The Vector Institute, a monument to the take-off of Hinton's ideas, is a research center, where companies from the USA and Canada — such as Google, Uber, and Nvidia — will finance attempts to commercialize AI technologies. Money poured into him faster than Jacobs had time to ask them; Two co-founders studied companies in the Toronto area, and it turned out that the demand for specialists in AI is ten times higher than the capacity to produce them in Canada. "Vector" is the starting point of a global attempt to mobilize around civil society: make money from technology, train people in it, hone it and apply it. Data centers are being built, skyscrapers are being filled with startups, a whole generation of students is joining the region.

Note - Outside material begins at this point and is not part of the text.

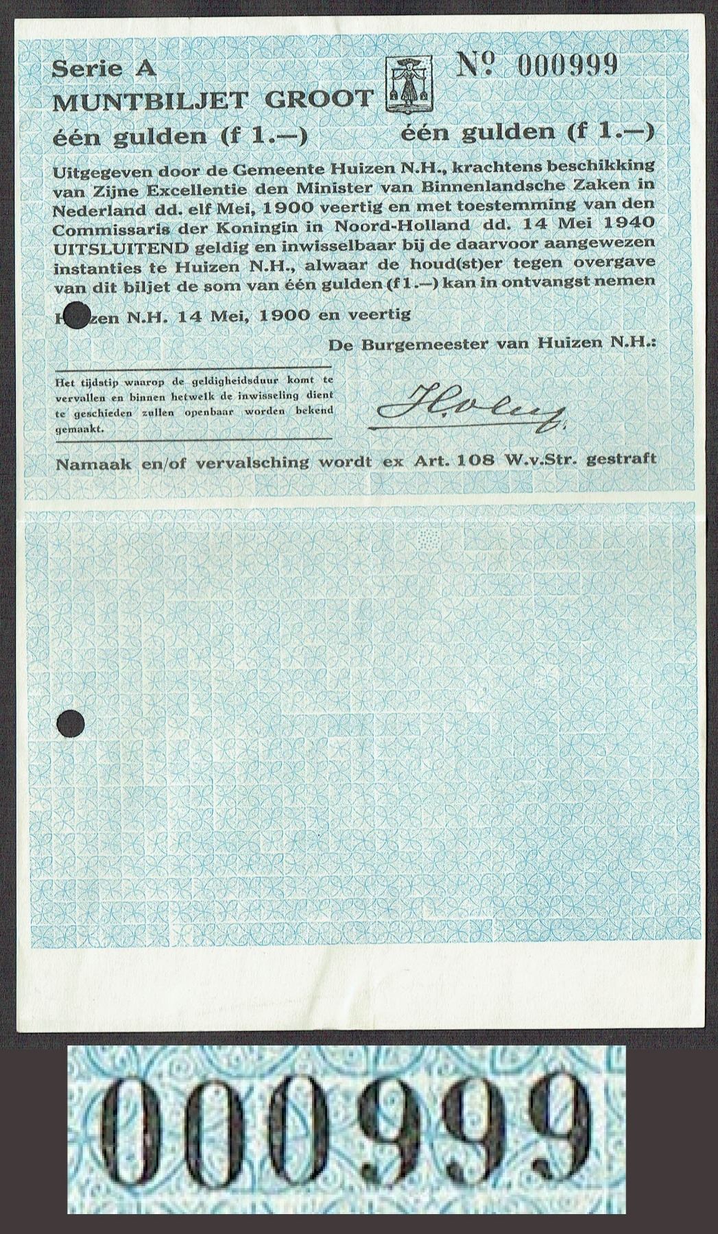 Netherlands 1 Gulden 1940 Huizen Noord-Holland Noodgeld ZF/PR - VF/XF Emergency Money Serial number 000999! PL605.3 (collection A.M. van de Waal)

The impression of being in the “Vector” office, empty and echoing, awaiting filling is as if you were at the beginning of something. But what is strange about GO is how old its key ideas are. Breakthrough work by Hinton, made jointly with David Rumelhart and Ronald Williams, was published in 1986. The work understood the technology called "reverse error propagation" (ORO). ORO, in the words of John Cohen, a specialist in computational psychology at Princeton, "this is what all deep learning is based on - literally everything."
')
In fact, the AI ​​today is GO, and GO is ORO, and this is surprising, considering that ODP is more than 30 years old. It is worth understanding how this happened - how the technology can lie in the standby mode for so long, and then lead to such an explosion. Understanding the history of ORO, you will begin to understand the current development of AI, and in particular, the fact that perhaps we are not at the beginning of a revolution. Perhaps we are at its end.
Proof of
The walk from the Vektor Institute to Hinton’s office on Google, where he spends most of his time (he is now an honorary professor at the University of Toronto) is a kind of live city advertising, at least in the summer. You can see why Hinton, who was born in Britain, moved here in the 1980s after working at Carnegie Mellon University in Pittsburgh.

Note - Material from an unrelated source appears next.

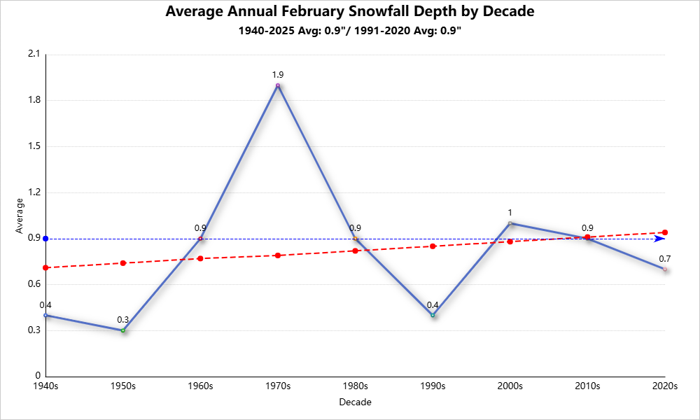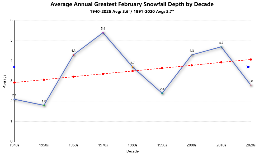 Top 5 Februarys with the Deepest Average Snow Depth Since 1940

Going outside, even in the business center near the financial district, you feel as if you were in nature. I think it's all about the smell: it smells of wet humus. Toronto was built in a wooded ravine, and it is called the “city in the park”; during urbanization, local authorities imposed strict restrictions to maintain tree growth. On the way to the city, its outskirts seem covered with cartoon lush vegetation.

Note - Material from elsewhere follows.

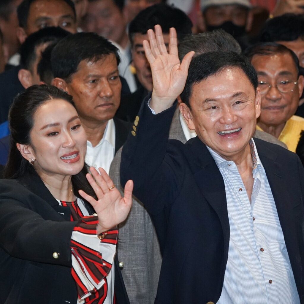 He then walked in to hug Paetongtarn Shinawatra, his daughter and the head of the Pheu Thai Party, who was standing in front of the party headquarters waiting to welcome him.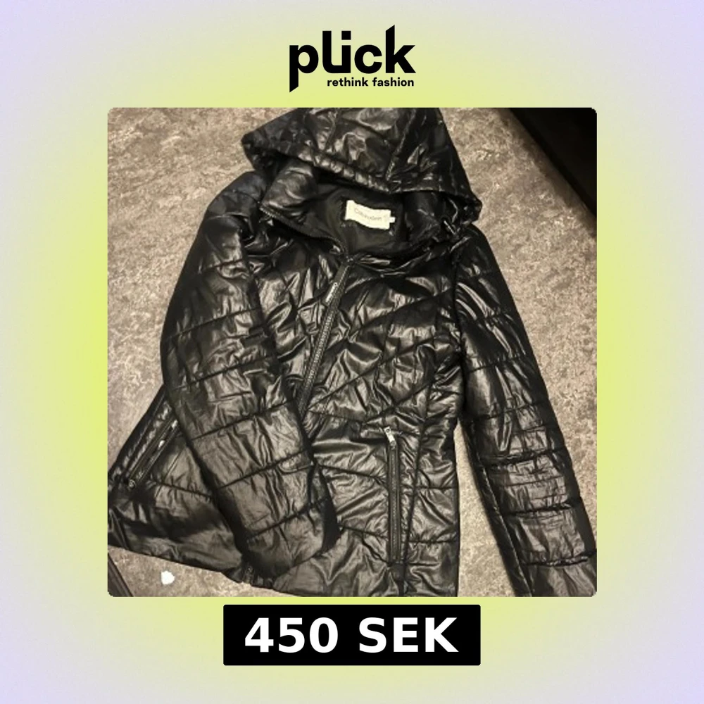 Svart pufferjacka från Calvin Klein med glansig finish, huva och dragkedjor både framtill och vid fickorna.

Toronto is the fourth largest city in North America (after Mexico City, New York and Los Angeles), and the most diverse: more than half of its inhabitants were born outside Canada. This can be seen when walking around the city. People in the technology quarter look different from San Francisco residents — young white guys in sweatshirts — but more internationally. There is free medicine, good public schools, people are friendly, the political climate is stable and leaning to the left; all this attracts people like Hinton, who says he left the United States because of the
Iran-Contra scandal. This is one of the first topics that we raise at the first meeting, shortly before lunch.
“Most people at Carnegie Mellon University believe that it was wise for the US to invade Nicaragua,” he says. “They thought the country belonged to them.” He says that he recently had a big working breakthrough: “A very good young engineer is working with me,” a woman named Sarah Sabur. She is from Iran, and she was denied a work visa to the United States. The Google office in Toronto took her to him.
Hinton, 69 years old, has a kind, thin, British-type face of a “
big good giant ”, with thin lips, large ears and a prominent nose. He was born in Wimbledon, in England, and his voice in conversation sounds like the voice of an actor reading a children's book about science: you can hear curiosity, charm and a desire to explain everything in it. He is funny, a little showman. All the time he is talking, because, as it turned out, it hurts him to sit. “In June 2005, I sat down and it was a mistake,” he tells me, after a pause, to explain that he has problems with the intervertebral disc. Because of this, he could not fly, and earlier that day he had to carry a surfboard-like device with him so that he could lie on it in the dentist’s office, which worked with a cracked tooth root.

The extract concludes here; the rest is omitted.